Thank you all very much for your contributions, we have been left with plenty to think about. Our spirits have also been dampened a bit

I would like to add a few more comments. In relation to a future mortgage I cannot see my son applying for one in the near term. With money for the deposit he will be getting from me  + some of his mortgage paid in a few years + hopefully some capital appreciation, hopefully he will have built up some equity in 5 or 6 years. Do any of you think these might improve his future mortgage prospects.  Hopefully his career/income will improve also as he finished an engineering degree course last summer. 

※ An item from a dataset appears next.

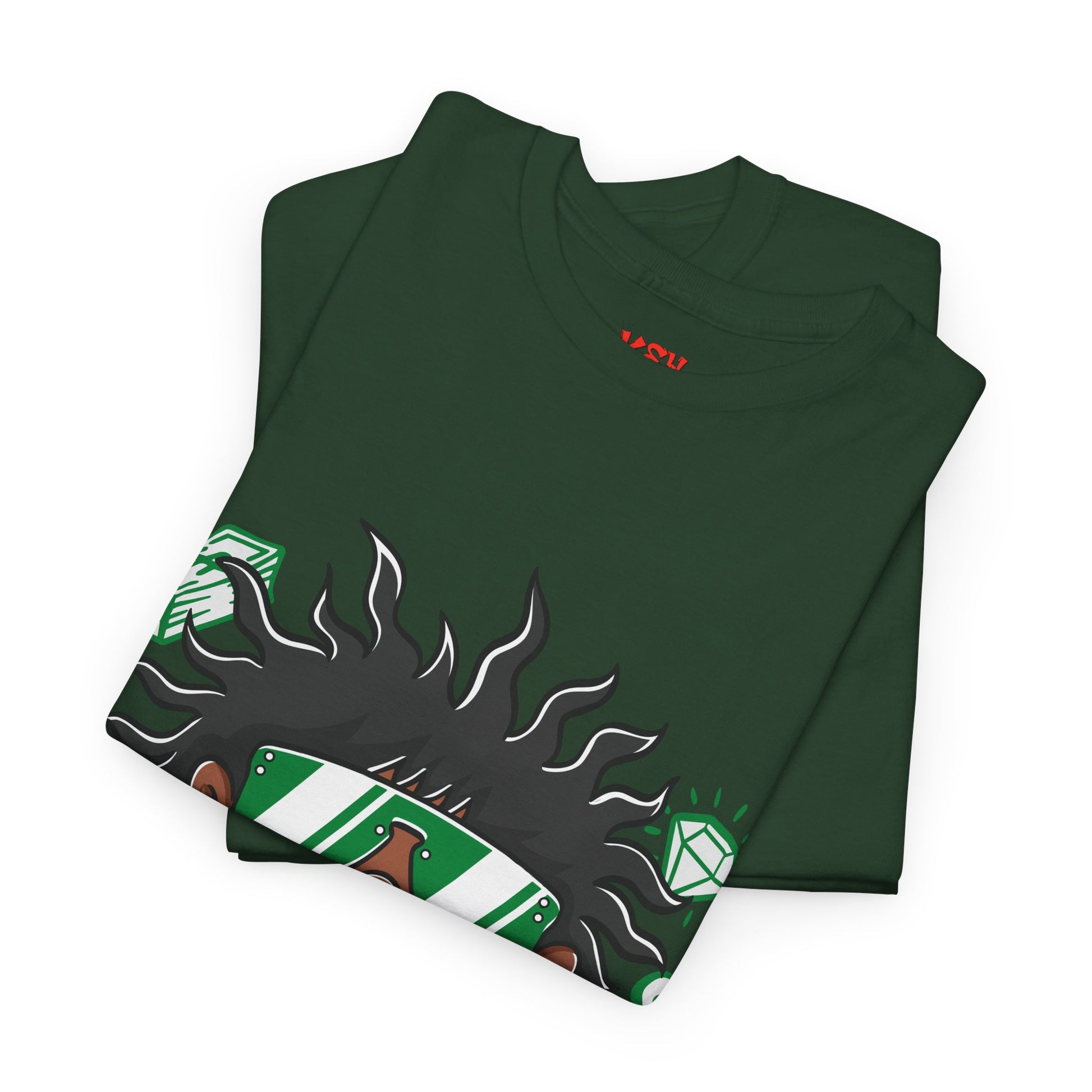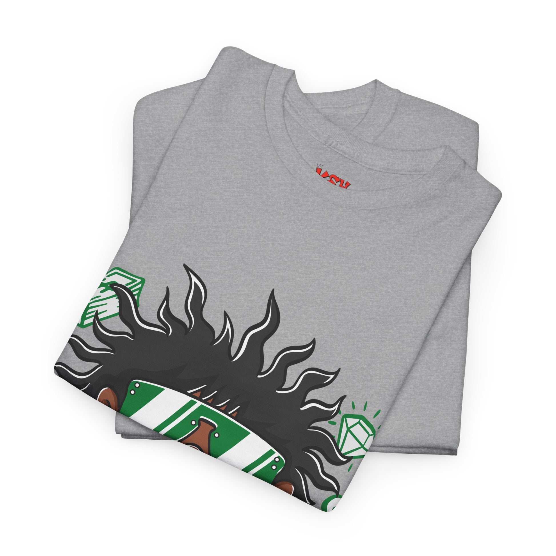 A bold streetwear tee that channels playful confidence and urban swagger. The mid-weight cotton feels sturdy and familiar, while the vibrant front graphic pops with energetic color—an expressive cartoon character with wild hair, oversized shades, and flashy jewelry framed by green gems. It wears like a laid-back staple: roomy through the body with a classic crew neckline and tear-away label for comfort. Durable construction—twill shoulder tape and a tubular, seam-free body—keeps shape wash after wash. This shirt sits naturally in city-styled outfits, gallery nights, or chill hangouts where personality speaks louder than logos.
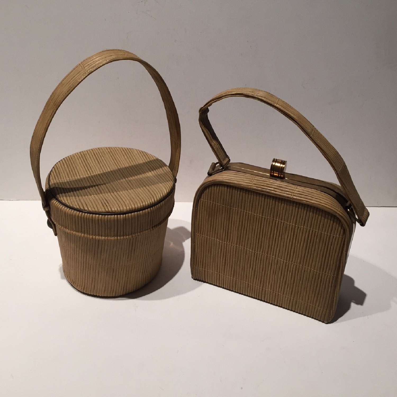 FAUX BAMBOO / RAFFIA BOX STYLE HANDBAG AS LISTED

As has been mentioned above going guarantor is not acceptable to banks anymore

Would any of you know the current advantages for first time buyers


----------



## Brendan Burgess (25 Jan 2014)

Mr Eastwood said:


> Would any of you know the current advantages for first time buyers



There is none at present. However, they could be reintroduced at some later stage, so I would stronly recommend that he does not buy an investment property.


----------



## SarahMc (26 Jan 2014)

I would tend to agree, he is young, just out of college and starting his career. Now is not the time for him to buy an investment property, he might want to head off for a year, go back and do a masters, he might meet someone and want to buy jointly. Tying himself to this investment and the risks and impact on his borrowing capacity at this stage is not wise.


----------



## RainyDay (26 Jan 2014)

Mr Eastwood said:


> My son will need a mortgage for most of his third as he does not have the funds, but his income is too low to get a mortgage on his own. He will only get a mortgage if it is done jointly with me[/SIZE][/FONT]


Take this a hint.


----------



## Mr Eastwood (27 Jan 2014)

Thanks very much to everyone for your much valued contributions


----------



## Bronte (28 Jan 2014)

Mr Eastwood said:


> Would any of you know the current advantages for first time buyers


 

I am very skeptical that the advantages were all they seemed. There used to be a grant/reduction but all that happnened then was that the property price reflected this.

It was suggested to you that you post a new thread as the son, so that advice could be given from that angle. It might be an interesting angle on all of this.

I think it might be a better idea for you to purchase and he to manage it so see if he can handle it.  That would be very educational for him.


----------